Sea turtles are one of just 4 reptiles that spend time in the ocean and they constantly amaze scientists with their abilities. Sea turtles can hold their breath for long periods of time while they feed and travel. They use their large, boney shells to protect themselves from predators like tiger sharks. They even use the Earth's magnetic field to figure out where they are going! Female sea turtles may cross the entire ocean to return to the beach where they were born when it comes time to lay eggs. Once sea turtle eggs hatch, they rely on a very important sense to direct them to the ocean - sight! Using natural light reflected from the ocean, sea turtle hatchlings make their way to the sea.


However, with the human population growing and beach-front living becoming more popular, there is more light pollution from street lights, homes, and cars than ever before! To help protect sea turtles, make sure when you visit the beach, you limit the amount of light you produce, especially at night.

BRAIN BLAST

The Earth's magnetic field is produced from the molten inner core of the planet as it spins. Sea turtles use the magnetic field to help guide them to nesting sites, but they're not the only animals that use it. Research what other animals use the Earth's magnetic field and how they use it!

Sensing Solutions

Drag each statement to the sense that it describes.

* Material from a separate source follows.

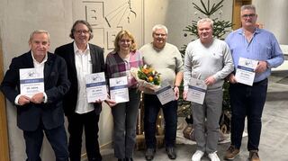 Tauberbischofsheim. Die traditionelle Weihnachtsfeier der Firma Brandel-Bau im festlich geschmückten betriebseigenen Verwaltungsgebäude bot den würdigen Rahmen für Ehrungen. Geschäftsführer Klaus-Dieter Schmitt führte kurz aus, dass trotz einer durchwachsenen Auftragslage dank des großen Einsatzes aller Mitarbeiter das Jahr hervorragend gemeistert werden konnte. Ehrungen wurden von den Geschäftsführern Klaus-Dieter Schmitt und Christian Reinhardt und dem Prokuristen Chris Baumann mit jeweils persönlichen Worten und Geschenken vorgenommen. Unser Bild zeigt (von links): Geschäftsführer Klaus-Dieter Schmitt (40 Jahre), Prokurist Chris Baumann (35 Jahre), Diane Hammerich (20 Jahre), Michael Albrecht (35 Jahre), Alexander Schirach (25 Jahre), Geschäftsführer Christian Reinhardt (25 Jahre). Auf dem Bild fehlt Jürgen Kaufmann jun. (10 Jahre). Bild: Brandel-Bau

Sensing Solutions Printable

Animal Senses Challenge

In the animal senses challenge, you will be describing how an animal uses all of its senses and which ones are the most important.

Glossary


Echolocation

The process of sending sound signals and determining the layout of the environment (including anything moving!) using the sound waves reflected back.

Electroreception

The ability to detect changes in electrical fields (often found in sharks, stingrays, and monotremes).

Hearing

Detection of sounds (vibrations) in the air usually by ears.

Jacobson Organ

[Also known as the vomeronasal organ] A sensory organ in some reptiles and mammals that detect air-borne chemicals (often located in the nose or mouth).

Magnetic Field

An area in which magnetic forces are observable. The Earth has a magnetic field!

Sense

The ability to perceive and interpret the environment around you. Smell, taste, sight, hearing, and touch are examples of senses.

Sight

Detection of various wavelengths of light by the eyes.

Smell

Detection of scent particles in the air (usually by a nose).

Taste

Detection of flavor from substances (usually by a tongue).

Thermal

Pertaining to heat.

Touch

Detection of pressure, texture, or temperature by our skin. This sense allows us to feel pain.